Show HN: TimelinesAI – stay on top of business communication in your company - KeraTerra
https://timelines.ai/
======
KeraTerra
Hi HN!

Hi HN! I am the founder of TimelinesAI
([https://timelines.ai/](https://timelines.ai/)). It helps you to stay on top
of business communication in your company.

As a CEO and business owner, I spend a lot of time every day to stay updated
about the status of communication with my clients. The thing is, the more your
company grows with managers and clients, the more time and effort it takes to
stay in the loop. Being cc’d to everything creates too much noise, and if your
clients use Whatsapp or other messengers it’s almost impossible to stay in
control.

Timelines enables you to easily review, organize and share most important
messages from email, Whatsapp and other channels with the links. Here’s a
90-second video that explains how it works:
[https://youtu.be/OUMV74FKIt8](https://youtu.be/OUMV74FKIt8).

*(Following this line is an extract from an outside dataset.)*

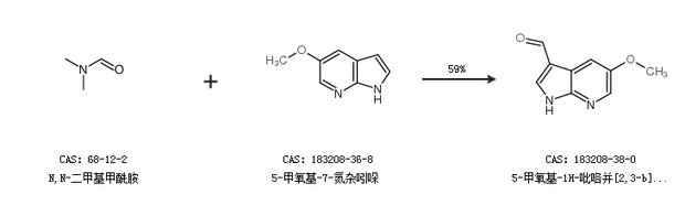 1.通过N,N-二甲基甲酰胺和5-甲氧基-7-氮杂吲哚合成5-甲氧基-1H-吡咯并[2,3-b]吡啶-3-甲醛,收率约59%;

We used this app internally for almost a year and it helped us to increase
awareness, collaborate on work with our clients better and retain more clients
as a result. I would love to learn if it brings you the same benefits as well!

We're going to expand the functionality, so I would be glad to learn, what
else should we add to the app or what other tools you use for business
communication in your team?